-- Supplied records follows --
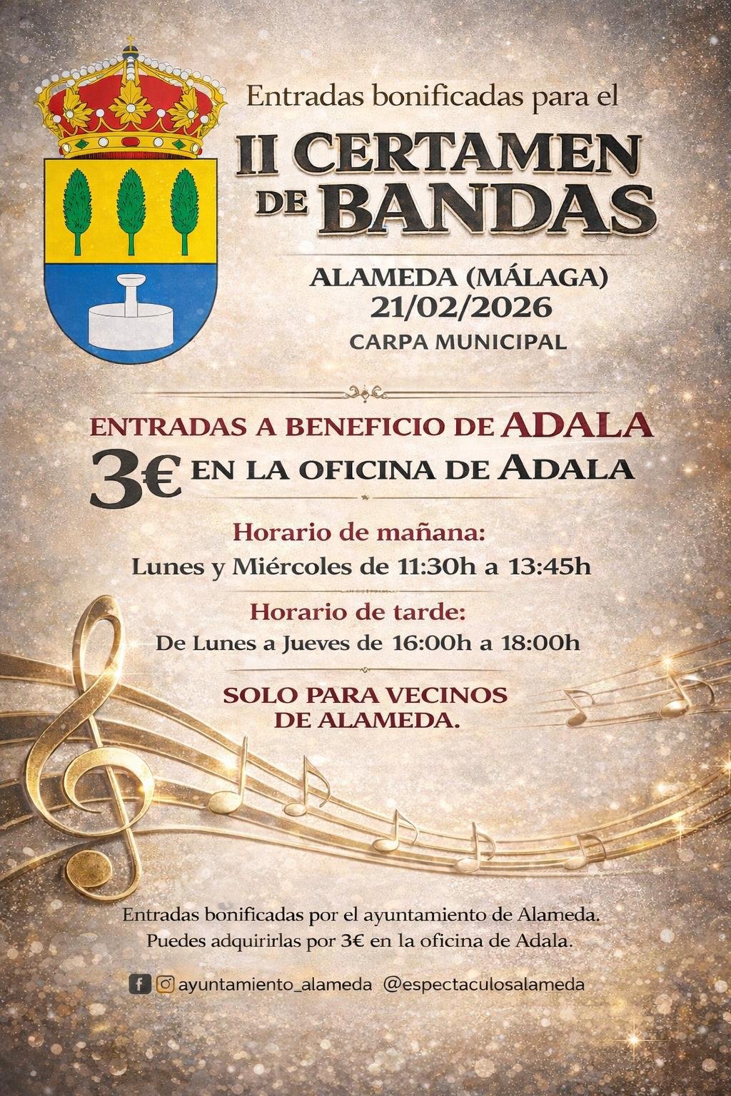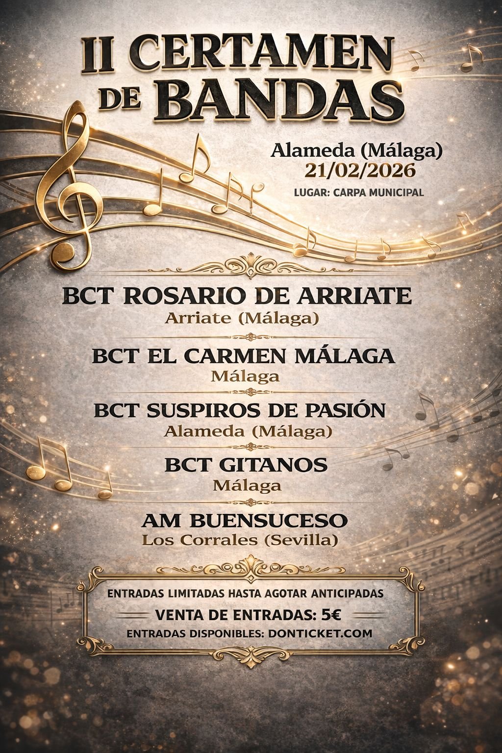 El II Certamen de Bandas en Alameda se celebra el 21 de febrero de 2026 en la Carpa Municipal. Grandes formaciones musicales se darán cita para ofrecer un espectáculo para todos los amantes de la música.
-- Supplied records concluded --
-- Supplied records follows --
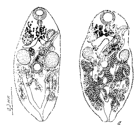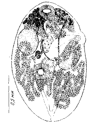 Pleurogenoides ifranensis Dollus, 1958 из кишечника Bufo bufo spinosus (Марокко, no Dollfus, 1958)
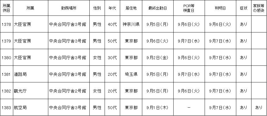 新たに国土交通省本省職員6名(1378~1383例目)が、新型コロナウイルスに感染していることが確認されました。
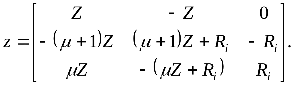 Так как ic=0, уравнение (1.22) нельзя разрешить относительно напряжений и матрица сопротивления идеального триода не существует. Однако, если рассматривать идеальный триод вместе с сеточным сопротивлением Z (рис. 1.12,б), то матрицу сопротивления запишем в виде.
-- Supplied records concluded --
--- Task requirements ---
What you write must match the listing exactly, from the line with "新たに国土交通省本省職員6名" up to and including the line with "Так как ic=0, уравнение". Pictures stay out.

--- Your response ---
 新たに国土交通省本省職員6名(1378~1383例目)が、新型コロナウイルスに感染していることが確認されました。
 Так как ic=0, уравнение (1.22) нельзя разрешить относительно напряжений и матрица сопротивления идеального триода не существует. Однако, если рассматривать идеальный триод вместе с сеточным сопротивлением Z (рис. 1.12,б), то матрицу сопротивления запишем в виде.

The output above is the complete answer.